Billionaires make billions more

 


A report by Swiss bank UBS found that billionaires  “did extremely well” during the coronavirus pandemic, growing their already-huge fortunes to a record high of $10.2tn (£7.8tn).

Billionaires increased their wealth by more than a quarter (27.5%) at the height of the crisis from April to July, just as millions of people around the world lost their jobs or were struggling to get by on government schemes.

Billionaires had mostly benefited from betting on the recovery of global stock markets when they were at their nadir during the global lockdowns in March and April. UBS said billionaires’ wealth had hit “a new high, surpassing the previous peak of $8.9tn reached at the end of 2017”. The number of billionaires has also hit a new high of 2,189, up from 2,158 in 2017.

Josef Stadler, the head of UBS’s global family office department that deals directly with the world’s richest people, said: "...not only did they ride the storm to the downside, but also gained up on the upside as stock markets rebounded.”

Stadler said the super-rich were able to benefit from the crisis because they had “the stomach” to buy more company shares when equity markets around the world were crashing. Global stock markets have since rebounded making up much of the losses. The shares in some technology companies – which are often owned by billionaires – have risen very sharply.

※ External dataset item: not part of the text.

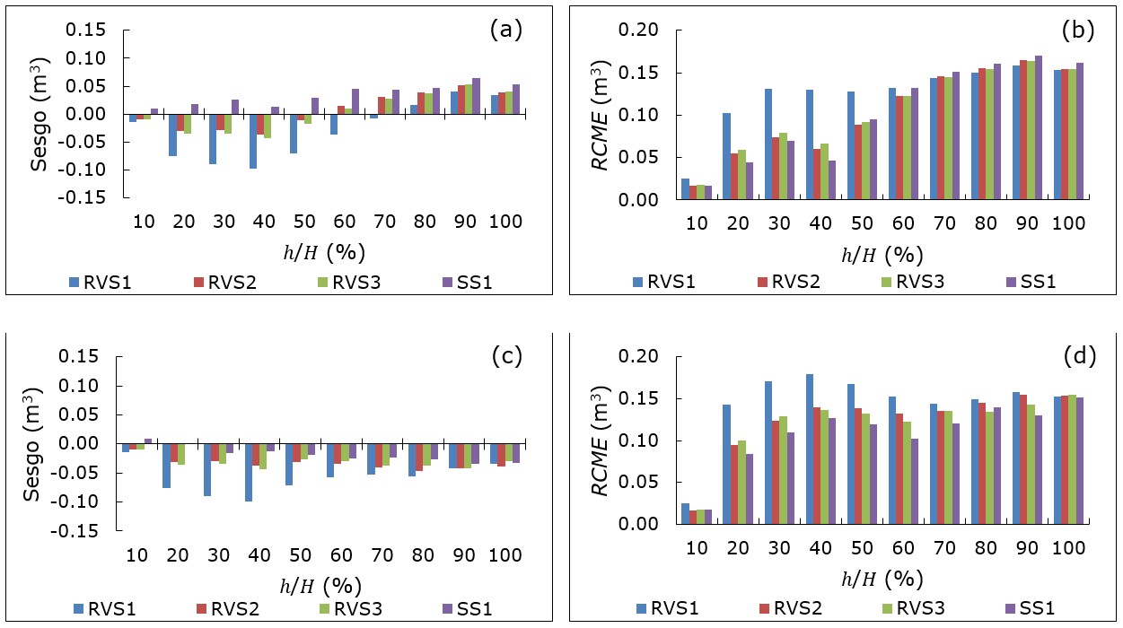 La Figura 2a muestra el comportamiento del error en volumen, respecto a la altura relativa en el ajuste de los cuatro sistemas de ecuaciones. En Pinus cooperi se observó que el error promedio cometido con los RVS1-RVS3 tuvo el mismo comportamiento; es decir, sobrestimaron el volumen fustal, en contraste al SS1 que subestimó el volumen comercial (Figura 2a). La evolución del valor de la RCME a lo largo de la altura relativa del fuste confirmó que el RVS2 y SS1 predijeron satisfactoriamente el volumen comercial, con valores menores a 0.2 m3 (Figura 2b). Respecto a la especie Pinus durangensis, los sistemas RVS1-RVS3 también sobrestimaron el volumen del fuste en función de su altura, en tanto que el SS1 solo presentó este comportamiento a partir de 30 % de la altura (Figura 2c). El comportamiento del valor de la RCME confirmó, nuevamente, que los RVS2 y SS1 predijeron satisfactoriamente el volumen del fuste con errores menores de 0.15 m3 (Figura 2d).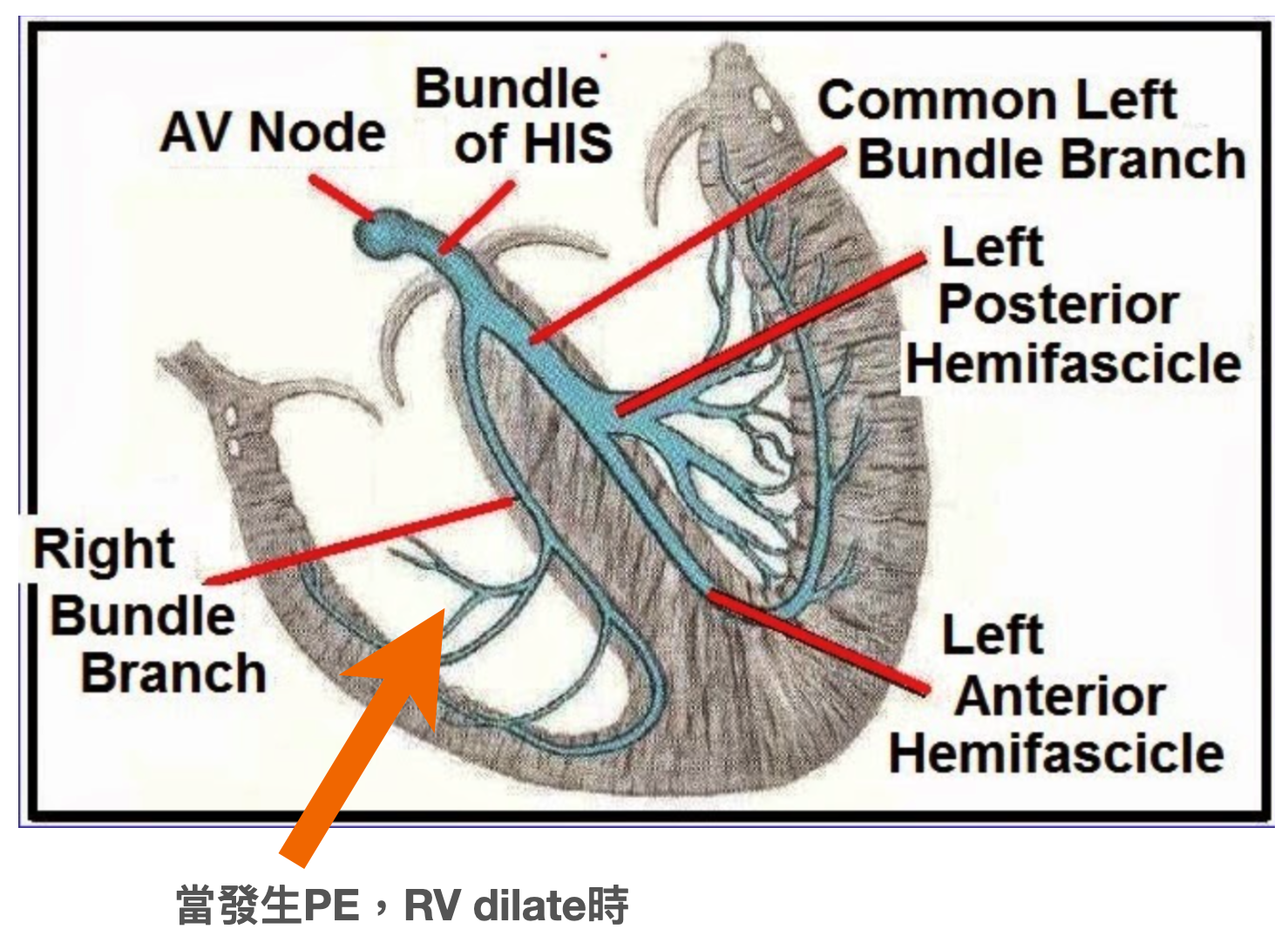 Pul.trunk塞住,導致RV dilate,RV dilate時就會拉扯spetum裡面的RBB,導致缺血,而形成RBBB

Billionaires’ fortunes have swelled by $4.2bn (or 70%) in the three years since Stadler warned about the threat of a global uprising against the super-richStadler said. “Wealth concentration is as high as in 1905, this is something billionaires are concerned about. The problem is the power of interest on interest – that makes big money bigger and, the question is to what extent is that sustainable and at what point will society intervene and strike back?”

The world’s current super-rich people hold the greatest concentration of wealth since the US Gilded Age at the turn of the 20th century, when families such as the Carnegies, Rockefellers and Vanderbilts controlled vast fortunes.

Luke Hilyard, executive director of the High Pay Centre, a thinktank that focuses on excessive pay, said, “Billionaire wealth equates to a fortune almost impossible to spend over multiple lifetimes of absolute luxury,” Hilyard said. “Anyone accumulating riches on this scale could easily afford to raise the pay of the employees who generate their wealth, or contribute a great deal more in taxes to support vital public services, while remaining very well rewarded for whatever successes they’ve achieved. The findings from the UBS report showing that the super-rich are getting even richer are a sign that capitalism isn’t working as it should.”